This mistake has the Ignatieff supporters smirking with glee. They need a quick demise to Dion’s leadership while Ignatieff has his base motivated, especially before those Chrétien folks who back Bob Rae have a chance to mobilize within caucus.

To make matters much worse for Dion and his party, the Conservatives have intimated that were they to be elected to a majority government, they would open the constitution to finally give Quebec what it wants; a special constitutional status and much greater control over spending power.

The Conservative communications strategy is to gesture to Quebec a commitment to reopen the constitution to favour them and then partly retract it. This leaves the message to resonate quietly in Québec while not upsetting the folks the Conservatives serve in the West and Ontario.

This strategy plays to Ignatieff’s advantage as he too is keen on recognizing Quebec’s special status in the constitution. If he is able to find a way for Dion to step aside, his common ground with the Conservatives on the Québec Question will be what he’ll sell as he convinces Liberals that he’s the guy for the job.

With Denis Codère lining up to replace Ignatieff after Iggy’s turn with the crown, it appears the anti-Chrétien, pro-Paul Martin forces will have recovered their grasp of the party. My, what a wicked web they weave!

Dion caught on the horns

Dion, of course, is a Trudeauite on the question of Québec’s place in Canada; he’s a reasonably honest, deeply committed Liberal with a strong sense of the betterment of Canada through public policy, but is losing his connection to the people and his grasp on his party faster than the snow is melting. Qu'est-ce qu'on va faire?

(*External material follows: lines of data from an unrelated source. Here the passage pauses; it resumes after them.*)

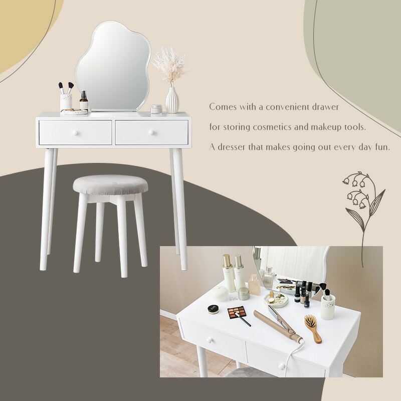 ミラーが可愛い ドレッサー デスク コンパクト 引き出し 収納 おしゃれ かわいい ホワイト 白 スツール付き 木製 化粧台 鏡台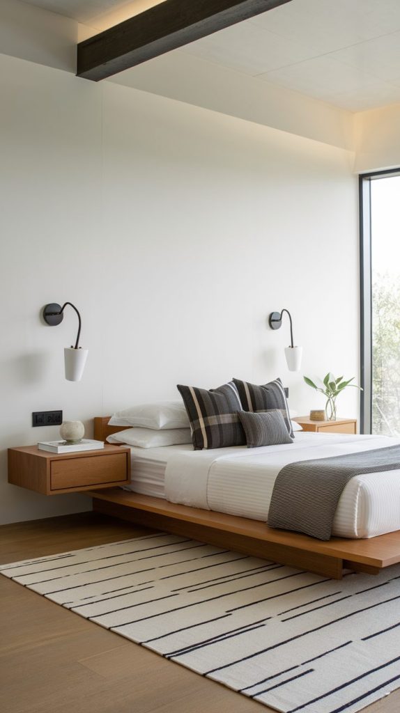 Add a soft area rug to ground the bed visually. Rugs warm up the space and make mornings more pleasant. I love low-pile rugs for modern bedrooms.
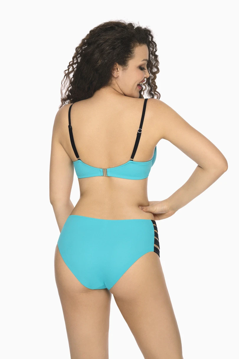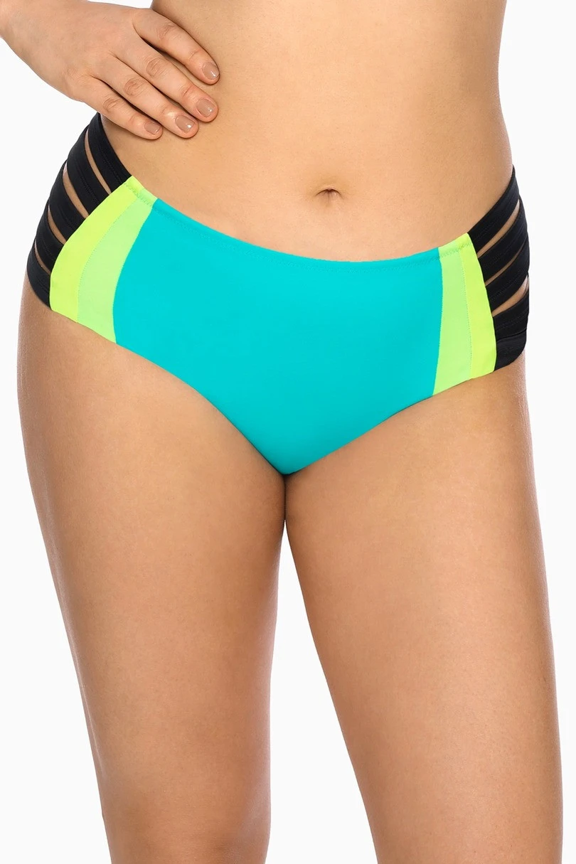 Wysokie figi kąpielowe z 5 czarnymi pasami na biodrach. Pastelowa kolorystyka w odcieniach seledynu i limonki przyciąga spojrzenia, a kontrastowe wstawki z czerni dodają charakteru projektowi.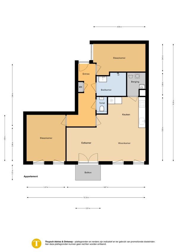 - De galerijflat heeft een woonoppervlakte van 76 m² en beschikt over 3 kamers, waarvan 2 slaapkamers;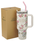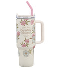 The Everything Beautiful Whimsical Blooms 40 oz Stainless Steel Travel Tumbler is part of the Everything Beautiful Whimsical Blooms Collection, designed to bring elegant, feminine designs to everyday items to showcase the beauty of everything God has made. Consider gifting this tumbler alongside another item from this collection, such as a magnetic notepad and pen set, a magnet set, a spiral journal, or a gift bag.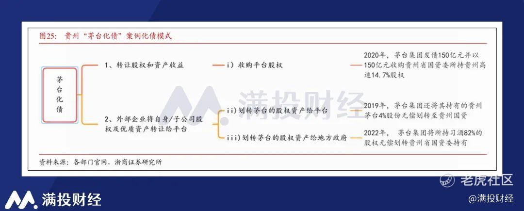 贵州政府曾在2019年12月推动过“茅台化债”,通过将持有的贵州茅台股份转化至贵州省国资运营公司来开启茅台化债的道路。同样的操作还有低息发债收购贵州高速、购买城投债的方式化解贵州债务。若不考虑国有资产流失的背景,这或许是未来政府偿债的手段之一。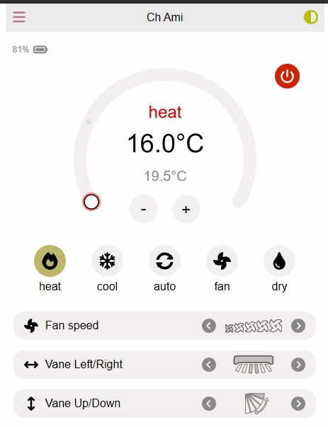 - le changement de mode du module intérieur me paraît un peu trop local par rapport au comportement que j’avais avec la télécommande ou MELCloud.
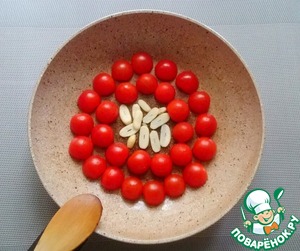 Обжариваем разрезанные пополам помидоры черри и порезанный на кружочки чеснок.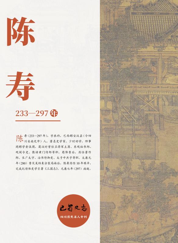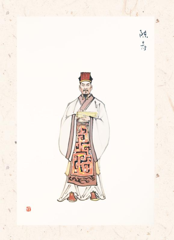 陈寿出生在巴西郡安汉县(今四川南充市),是三国时期蜀汉及西晋时期著名史学家。他自幼好学,拜同郡谯周为师,研读《尚书》《三传》,精通《史记》《汉书》。他一生屡经逆境,多遭贬黜,但始终自强不息潜心史学。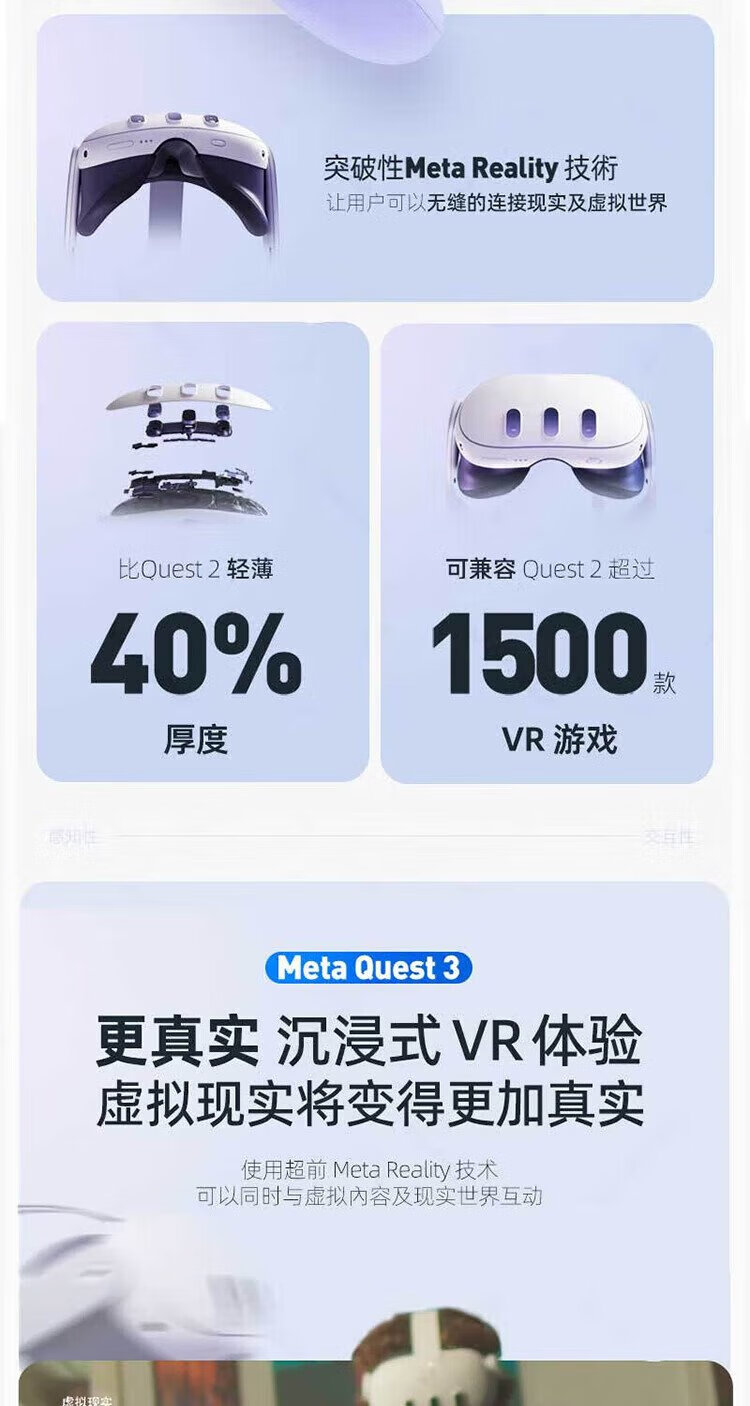 META Quest3 VR all-in-one machine meta quest3S vr glasses helmet somatosensory game steamXR device Quest3 512G generation activation + comfortable head wear

One option for Dion is to hang up his skates early, resign the party leadership, call a leadership convention for early fall and let the new leader take the team to polls soon thereafter. Curiously, as unlikely such self-sacrifice is in politics these days, Dion may well be the sort of guy who might give himself up this way.

However, this isn’t much of an answer for the Liberals or for the country, at least for the 65 per cent of Canadians who really don’t wish to see a Conservative majority. The problem is such a contest would be a battle to the political death of the two current aspirants, Iggy and Rae, one supported largely by the old Martin faction and the other by the old Chrétien faction.

Not to mention the cost of another leadership contest for a party that’s relatively short of funds, nor a country that’s tired of the warring egos.

The only game in town

So it appears the best bet for Stéphane remains to maintain the course, to continue to have his team hammer away at Conservatives, wait until they make an electorally expensive blunder and then pounce, using environmentalism as the ticket to 24 Sussex Drive.

Dion will need to win the federalist seats in Montreal, use the hint that Conservatives wish to make further concessions to Quebec to build Liberal support in Ontario and out West, and hope Greens and New Democrats vote strategically.

In the meantime, Dion will need to tell Iggy that if he or any folks even tangentially associated with him move, even surreptitiously, to force the issue, he will go to Rae. And he will publicly blame Iggy’s Machiavellian passion for the harm that a leadership war will do to the party.